Qu’il s’agisse de déchéance de la nationalité ou de la situation en Corse, tout débat tourne à l’aigre, de là à l’acrimonieux et enfin à la pure violence morale. Comment le Premier ministre, pris la main dans le sac de l’extrême droite, ose-t-il déclarer que la gauche « s’égare dans les grands principes » ? Comment peut-on « s’égarer » dans les grands principes républicains ? Je dois en déduire que Valls ne comprend pas ce que sont les « grands principes » républicains, comment ils forment un tout, une cohérence où chaque partie est liée aux autres pour former une doctrine définissant de façon précise et singulière ce qu’est le Peuple, la Nation et la République. Et le cas particulier de Manuel Valls ou de François Hollande rappelle une évidence : il n’y a pas de République sans républicain. Si l’exemple du mépris pour les principes fondateurs de la nation républicaine des Français vient du sommet de l’État, on ne doit pas s’étonner qu’il le soit ensuite publiquement par tous ses ennemis.

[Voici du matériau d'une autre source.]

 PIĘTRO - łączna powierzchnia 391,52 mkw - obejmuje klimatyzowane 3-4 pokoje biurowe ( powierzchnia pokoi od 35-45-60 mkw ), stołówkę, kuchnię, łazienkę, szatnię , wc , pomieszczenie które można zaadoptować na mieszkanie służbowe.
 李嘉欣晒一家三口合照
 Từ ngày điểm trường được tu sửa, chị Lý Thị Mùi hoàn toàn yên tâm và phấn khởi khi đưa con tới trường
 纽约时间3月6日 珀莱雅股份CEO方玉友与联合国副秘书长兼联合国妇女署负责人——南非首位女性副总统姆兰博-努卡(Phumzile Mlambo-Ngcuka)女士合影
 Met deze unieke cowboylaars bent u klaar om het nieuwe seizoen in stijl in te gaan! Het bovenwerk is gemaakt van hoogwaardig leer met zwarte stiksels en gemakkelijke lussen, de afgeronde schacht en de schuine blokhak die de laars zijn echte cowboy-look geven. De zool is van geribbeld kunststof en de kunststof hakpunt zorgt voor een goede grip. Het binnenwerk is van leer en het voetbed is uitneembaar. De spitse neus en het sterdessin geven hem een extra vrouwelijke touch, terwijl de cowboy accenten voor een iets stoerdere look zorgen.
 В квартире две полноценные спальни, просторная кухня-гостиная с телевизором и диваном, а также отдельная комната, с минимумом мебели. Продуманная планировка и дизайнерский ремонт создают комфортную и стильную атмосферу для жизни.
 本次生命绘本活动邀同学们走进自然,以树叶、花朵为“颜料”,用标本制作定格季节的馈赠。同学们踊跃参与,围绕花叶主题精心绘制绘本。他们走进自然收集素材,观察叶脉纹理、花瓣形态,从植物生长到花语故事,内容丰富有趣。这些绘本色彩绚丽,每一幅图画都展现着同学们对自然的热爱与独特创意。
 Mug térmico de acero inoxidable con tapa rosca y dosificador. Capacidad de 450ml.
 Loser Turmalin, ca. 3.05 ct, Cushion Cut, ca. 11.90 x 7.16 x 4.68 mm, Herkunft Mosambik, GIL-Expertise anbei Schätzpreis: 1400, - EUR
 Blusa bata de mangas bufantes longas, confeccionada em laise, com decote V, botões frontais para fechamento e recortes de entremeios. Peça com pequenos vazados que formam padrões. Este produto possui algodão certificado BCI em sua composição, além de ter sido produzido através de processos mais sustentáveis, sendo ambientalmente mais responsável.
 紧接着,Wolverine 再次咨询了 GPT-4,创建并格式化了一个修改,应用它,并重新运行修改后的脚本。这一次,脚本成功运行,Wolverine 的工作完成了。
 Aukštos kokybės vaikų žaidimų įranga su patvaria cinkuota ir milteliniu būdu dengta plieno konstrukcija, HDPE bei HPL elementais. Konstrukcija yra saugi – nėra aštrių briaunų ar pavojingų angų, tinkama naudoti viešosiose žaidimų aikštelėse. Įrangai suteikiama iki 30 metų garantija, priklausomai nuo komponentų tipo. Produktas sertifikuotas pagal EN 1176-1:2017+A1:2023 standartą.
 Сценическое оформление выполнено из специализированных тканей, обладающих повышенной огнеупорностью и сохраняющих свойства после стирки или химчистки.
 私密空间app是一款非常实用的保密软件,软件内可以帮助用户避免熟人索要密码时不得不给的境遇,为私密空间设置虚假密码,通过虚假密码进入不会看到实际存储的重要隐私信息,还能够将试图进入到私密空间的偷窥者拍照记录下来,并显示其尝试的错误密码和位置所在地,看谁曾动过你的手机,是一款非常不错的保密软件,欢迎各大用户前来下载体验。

Non, Manuel Valls, nous ne nous égarons pas dans les grands principes. Nous nous égarerions sans eux. C’est bien pourquoi de mon côté je vois plus d’un trait commun entre le débat sur la déchéance de la nationalité et les empoignades sur les graves évènements en Corse. Pour moi, « on est chez nous » là où la loi s’applique à tous et où tous sont égaux devant la loi. La loi, même injuste, est la volonté du peuple et elle s’applique jusqu’à ce que le peuple la change. Ceci vaut condamnation de ceux qui agressent les pompiers à Ajaccio comme de ceux qui prétendent punir collectivement toute la population d’un quartier.

 Pour avoir dénoncé les violences d’Ajaccio, et rappelé que cette première en France intervient dans une ambiance locale spécifique, je me vois reprocher une mise en cause collective « des Corses ». Comment peut-on à la fois me reprocher de ne pas reconnaître le peuple corse et de l’incriminer par une généralisation ? Comment croire sérieusement que j’imagine une population française entière xénophobe ? Comment pourrais-je sans cesse dénoncer que l’on essentialise la nationalité comme je le fais contre le concept de « Français de souche » et reproduire cette sottise dans l’analyse du cas particulier d’un territoire français ?

C’est évidemment une ruse rhétorique de mes adversaires. M’accuser de dénigrer le « peuple corse » est une autre manière de donner à celui-ci une existence victimaire sympathique pour effacer la culpabilité des actes racistes et de leurs auteurs individuels. J’y sens le traditionnel fumet ethniciste relooké en élan compassionnel. Cette méthode prolonge en direction des « Corses » la culpabilité collective imputée aux habitants du quartier terrorisé. Or, pour moi, la responsabilité d’un acte est toujours individuelle. Et si j’admets, comme je le fais moi-même souvent dans l’analyse, que les conditions environnantes sociales culturelles et autres concourent évidemment à la formation des actes individuels, celles-ci ne peuvent fournir mieux que des circonstances atténuantes. Jamais des excuses ni des légitimations.